__Work item__.
In the data below, locate the line containing "316L Çelik İnci" and the line containing "TAHARI Platform Heel", then retype both and everything between them exactly. Pictures are not part of the copy.

__Exercise materials__.

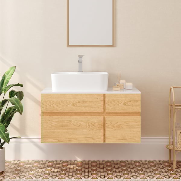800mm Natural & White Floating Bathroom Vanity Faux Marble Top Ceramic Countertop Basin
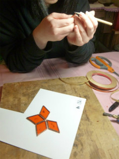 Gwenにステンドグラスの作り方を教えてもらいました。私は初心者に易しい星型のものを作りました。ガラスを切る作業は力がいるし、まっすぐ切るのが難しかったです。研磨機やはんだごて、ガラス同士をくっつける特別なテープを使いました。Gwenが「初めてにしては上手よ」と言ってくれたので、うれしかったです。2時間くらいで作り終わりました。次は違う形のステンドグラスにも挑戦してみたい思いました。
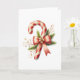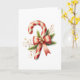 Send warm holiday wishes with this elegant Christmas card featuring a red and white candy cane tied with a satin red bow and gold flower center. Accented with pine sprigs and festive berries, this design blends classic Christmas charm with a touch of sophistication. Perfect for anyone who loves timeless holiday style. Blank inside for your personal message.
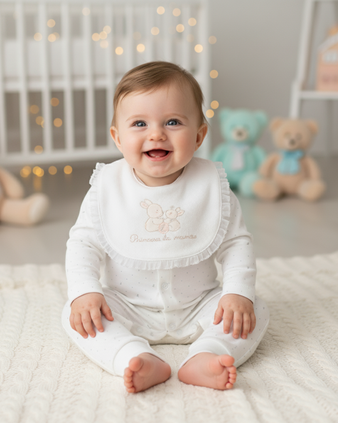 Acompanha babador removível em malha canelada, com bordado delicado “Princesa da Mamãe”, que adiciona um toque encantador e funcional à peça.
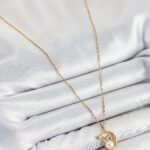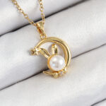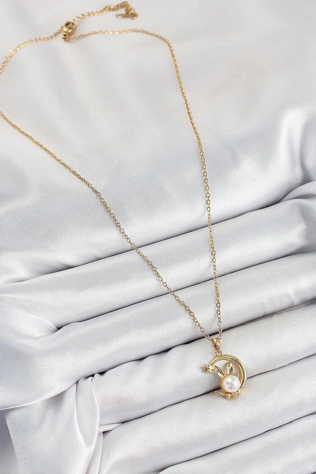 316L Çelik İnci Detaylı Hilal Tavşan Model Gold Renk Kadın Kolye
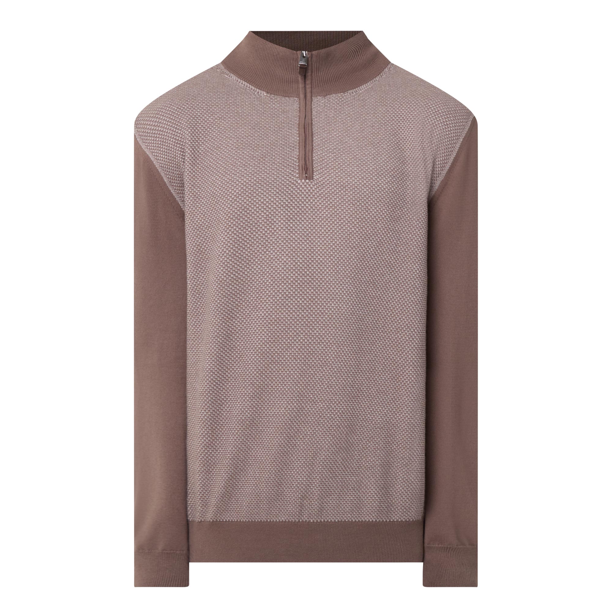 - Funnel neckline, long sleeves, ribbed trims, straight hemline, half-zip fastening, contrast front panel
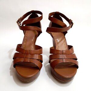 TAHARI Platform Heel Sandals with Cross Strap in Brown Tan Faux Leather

---

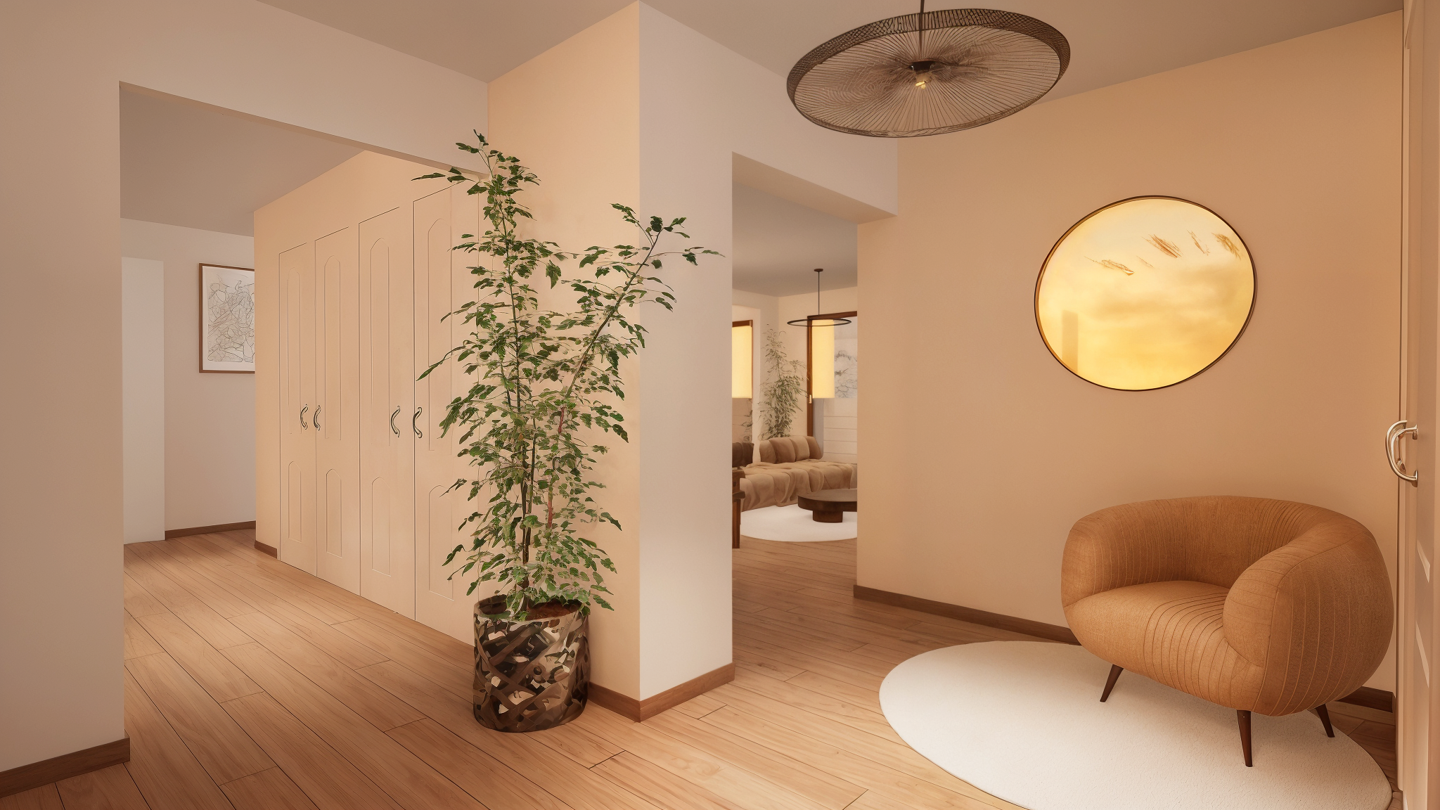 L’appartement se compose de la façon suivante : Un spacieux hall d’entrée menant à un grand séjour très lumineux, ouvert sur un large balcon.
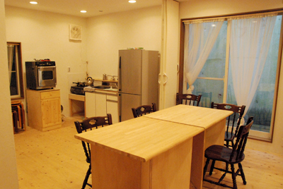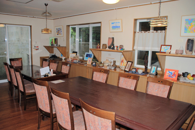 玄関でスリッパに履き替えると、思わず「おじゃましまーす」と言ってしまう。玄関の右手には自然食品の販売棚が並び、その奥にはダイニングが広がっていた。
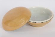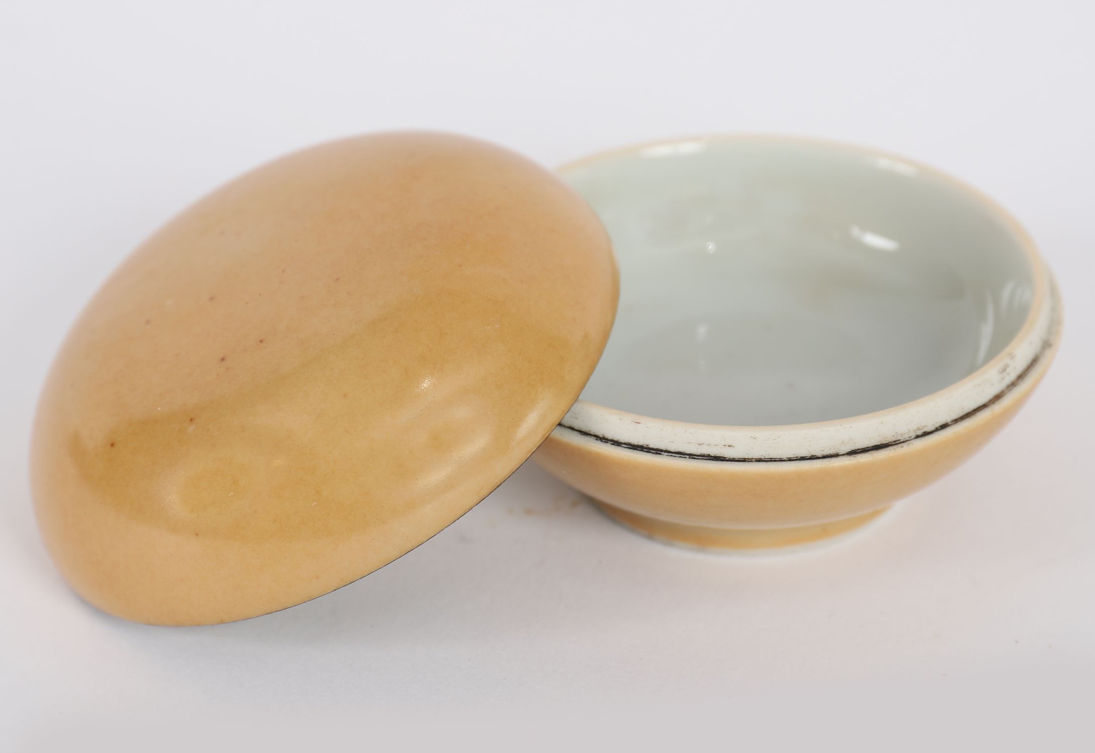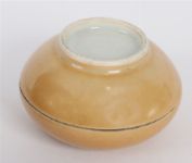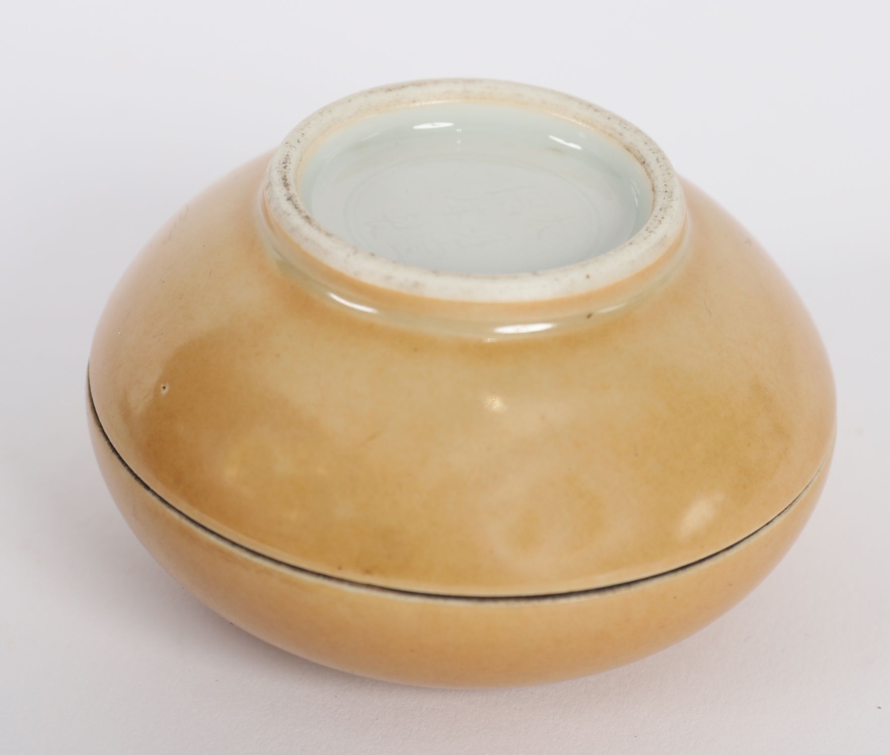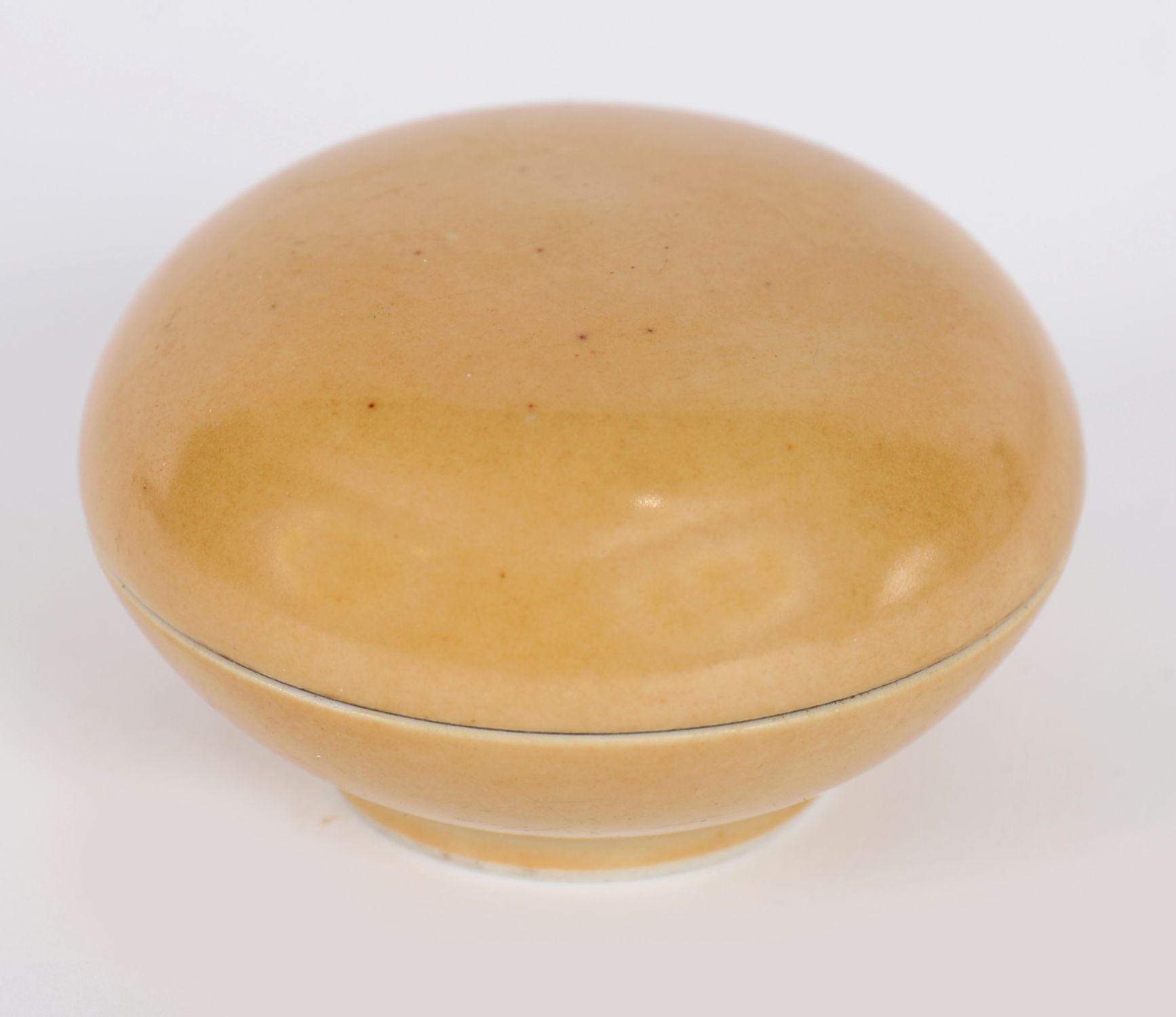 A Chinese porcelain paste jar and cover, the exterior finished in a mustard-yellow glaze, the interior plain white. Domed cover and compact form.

__Expected answer__.
 316L Çelik İnci Detaylı Hilal Tavşan Model Gold Renk Kadın Kolye
 - Funnel neckline, long sleeves, ribbed trims, straight hemline, half-zip fastening, contrast front panel
 TAHARI Platform Heel Sandals with Cross Strap in Brown Tan Faux Leather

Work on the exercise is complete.